Busmantsi has all the characteristics of a "high surveillance prison", wrote Al-Khalidi from his cell via encrypted messaging sent to InfoMigrants. There are "iron doors, the permanent presence of security agents and a lack of freedom of movement inside [as well as] surveillance cameras and electronic listening equipment in the rooms which are active 24 hours a day and 7 days a week."
Al-Khalidi as well as several other sources said that the rooms are locked between 10 pm and 7 am, with access to the bathroom thus impossible. Inmates are forced to use empty water containers or bottles to relieve themselves at night.
Providing photos to InfoMigrants as proof, Al-Khalidi also claimed that the meals served in the detention centers were insufficient, with sometimes only one served per day.
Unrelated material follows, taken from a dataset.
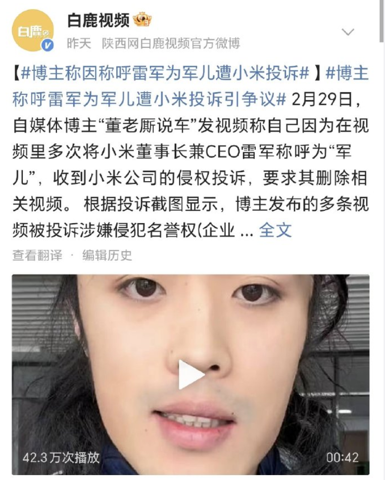 当然,车圈中李想并非个例,近期有某博主称呼雷军为“军儿”,收到小米公司的侵权投诉,要求其删除相关视频。该事件仍在网络上发酵,引发网友们探讨,有人认为该博主缺乏对雷军的尊重,冷嘲热讽有贬低的嫌疑。

Migrants are also plagued by insects, including bedbugs, which cause skin diseases, he said.
In addition, detainees are denied access to washing machines and dryers: "We have to wash our clothes manually all the time, sometimes in sub-zero temperatures in winter."

Last April, Human Rights Watch condemned a beating suffered by the Saudi at the hands of agents of the center, demanding an investigation to be opened.
When questioned about this violent incidence, and more generally about the living conditions described in the comments and photos collected by InfoMigrants, the Ministry of the Interior and the State Agency for Refugees have not yet provided any answers.
'I have been deprived of most of my basic human rights'
Fragilized from his months in detention, Al-Khalidi regretted the lack of medical and psychological follow-up, even after he attempted suicide in November 2022. “My depression has reached a peak [in recent months], and my thoughts of self-harm are coming back to me stronger than ever before,” he said.
The Saudi claimed to have written several letters requesting "psychological care" to the State Agency for Refugees and the police services. Yet it was in vain. "I only had one visit with a psychologist,” he said. In this immigration detention center, “I have been deprived of most of my basic human rights; [rights normally] protected by international and European laws," said Al-Khalidi.